SEJARAH ASAL USUL WAYANG


SEJARAH ASAL USUL WAYANG

Asal mula serta perubahan wayang tidak tertera dengan cara tepat seperti riwayat. Tetapi orang tetap ingat serta merasai kedatangan wayang dalam kehidupan warga. Wayang dekat dengan warga semenjak dulu sampai saat ini, karena wayang itu adalah salah sebuah usaha budi baik bangsa Indonesia. Wayang tampil untuk seni budaya tradisionil, serta adalah pucuk budaya wilayah.

Mencari asal mula wayang dengan cara ilmiah memanglah bukan hal yang gampang. Semenjak jaman penjajahan Belanda sampai sekarang banyak beberapa cendikiawan serta budayawan berupaya mempelajari serta menulis mengenai wayang. Ada kesamaan, tetapi cukup banyak yang saling-silang opini. Hazeu tidak sama opini dengan Rassers begitupun pandangan dari ahli Indonesia seperti K.p.a. Kusumadilaga, Ranggawarsita, Suroto, Sri Mulyono dan sebagainya.

Pegelaran Wayang Kulit Kuno

Tetapi semua cendikiawan itu jelas mengulas wayang Indonesia serta mengatakan jika wayang itu telah ada serta berubah semenjak jaman kuna, seputar tahun 1500 SM, jauh sebelum agama serta budaya di luar masuk di Indonesia.

Jadi, wayang dalam memiliki bentuk yang masih tetap simpel ialah asli Indonesia, yang dalam proses perubahan sesudah berseniuhan dengan beberapa unsur lain, terus berubah maju hingga jadi ujud serta didalamnya seperti saat ini. Pastinya perubahan itu tidak stop, tetapi akan bersambung di saat-saat kedepan.

Wayang yang kita melihat saat ini tidak sama dengan wayang pada waktu dulu, begitupun wayang di hari esok akan beralih sesuai dengan jamannya. Tidak ada suatu hal seni budaya yang mandeg. Seni budaya akan beralih serta berubah, tetapi perkembangan seni budaya wayang ini tidak punya pengaruh pada jati dianya, sebab wayang sudah mempunyai dasar yang kuat. Dasar intinya ialah karakter "hamot, hamong, hamemangkat yang mengakibatkannya mempunyai ketahanan serta daya kembang wayang selama jaman.

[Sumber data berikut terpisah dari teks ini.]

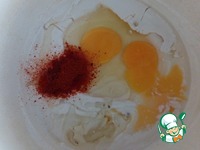 В активировавшиеся дрожжи вводим яйца, копченую паприку и масло, перемешиваем. |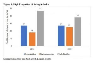 Similarly, during the Gujarat assembly election last year, intensive rallying by Modi with all sorts of appeals towards the end of the campaign made a difference for the BJP in what could have turned out to be a very close election. The BJP led by 15 percentage points among late deciders while it had trailed by two points among those who had decided prior to campaigning.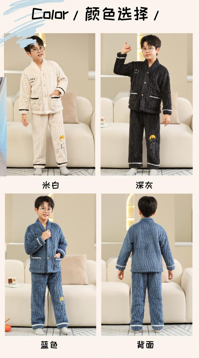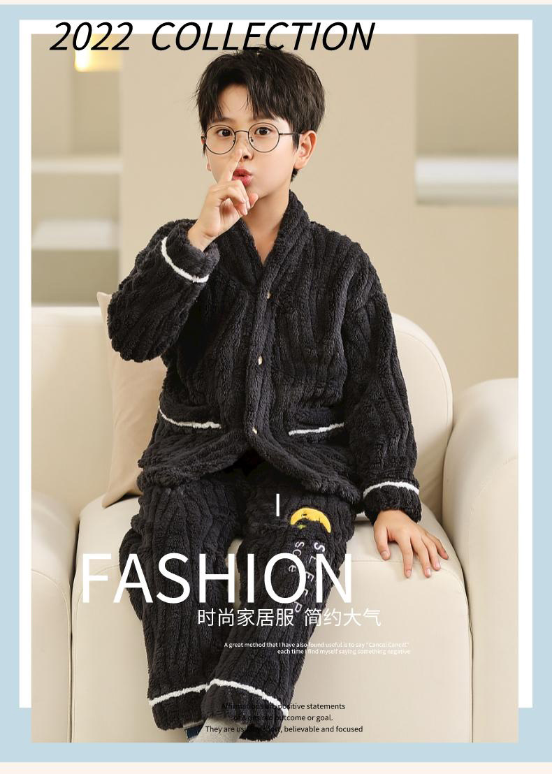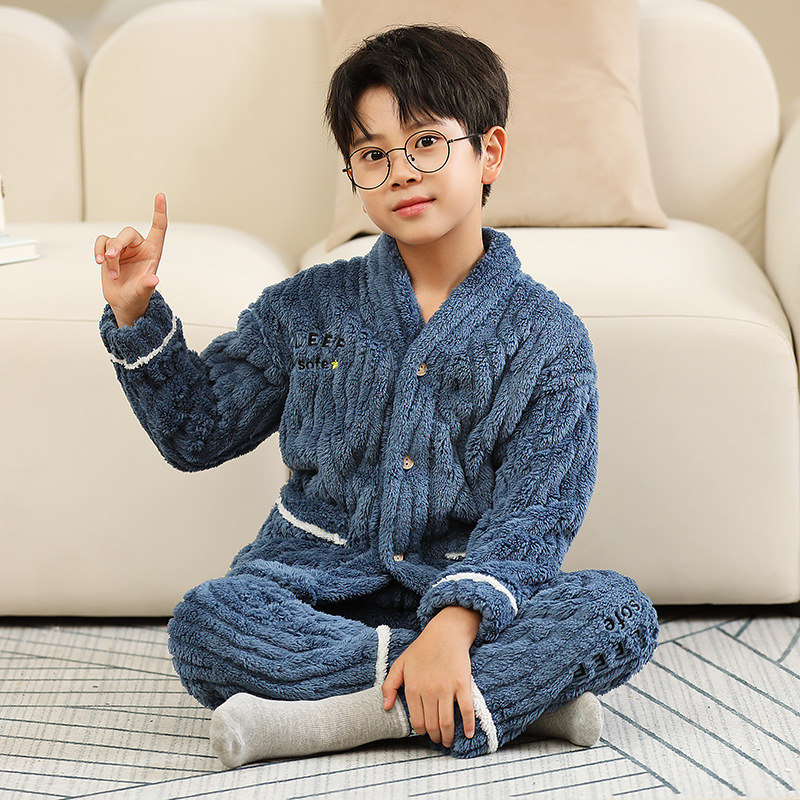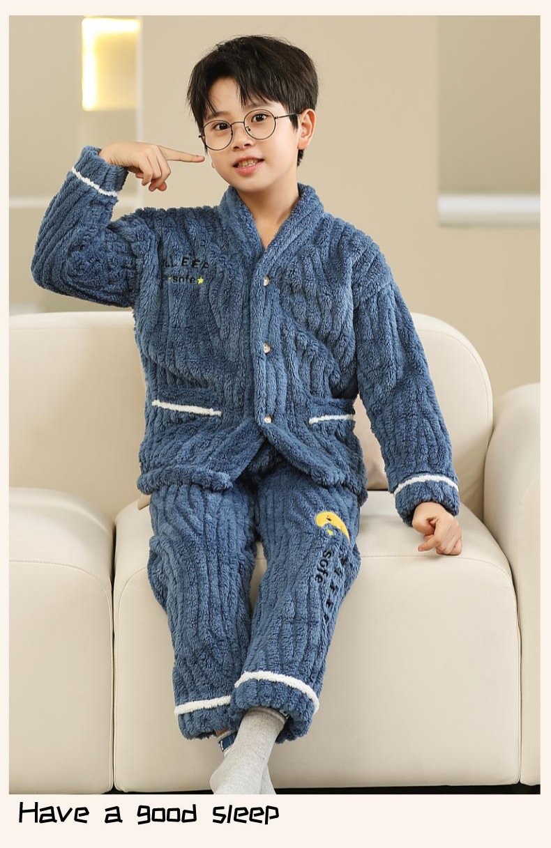 소년을위한 어린이 산호 벨벳 잠옷 가을과 겨울 기모 크고 중간 크기의 소년 세트 두꺼운 플란넬 홈 옷스토어 가기
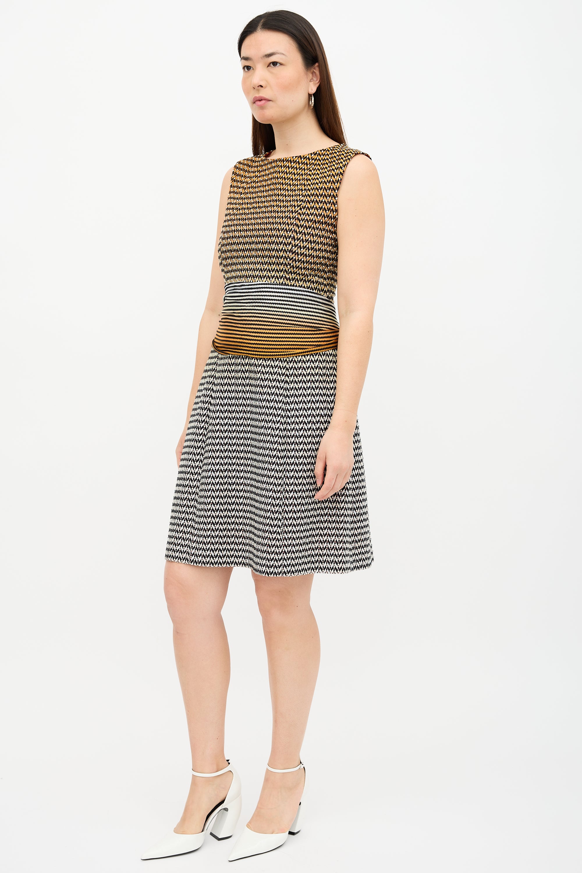 Pre-owned Missoni knit dress featuring orange and white gradient, chevron intarsia, round neckline, knit striped tie belt or scarf, and concealed side zip. Lined.

Pegelaran Wayang Kulit Kekinian

Hamot ialah transparansi untuk terima impak serta input dari dalam serta luar; Hamong ialah kekuatan untuk memfilter beberapa unsur baru itu sesuai dengan nilai-nilai wayang yang ada, untuk setelah itu dipilih jadi nilai-nilai yang pas dengan wayang untuk bekal untuk bergerak maju sesuai dengan perubahan warga.

Hamemangkat atau memangkat suatu hal nilai jadi nilai baru. Serta, ini jelas tidak gampang. Harus lewat proses panjang yang diolah dengan jeli. Wayang serta seni pedalangan telah menunjukkan kekuatan itu, bermula dari jaman kuna, jaman Hindu, masuknya agama Islam, jaman penjajahan sampai jaman merdeka, serta pada saat pembangunan nasional saat ini. Kehidupan global adalah rintangan serta tentunya wayang akan dites ketahanannya dalam melawannya.

Periodisasi

(pembabakan satu waktu)

Periodisasi perubahan budaya wayang adalah bahasa yang menarik. Berawal jaman kuna saat nenek moyang bangsa Indonesia masih berpedoman animisme serta dinamisme. Dalam keyakinan animisme serta dinamisme ini dipercaya roh orang yang telah wafat tetap hidup, serta semua benda itu bernyawa dan berkekuatan. Roh-roh itu dapat bersemayam di kayu-kayu besar, batu, sungai, gunung dan sebagainya. 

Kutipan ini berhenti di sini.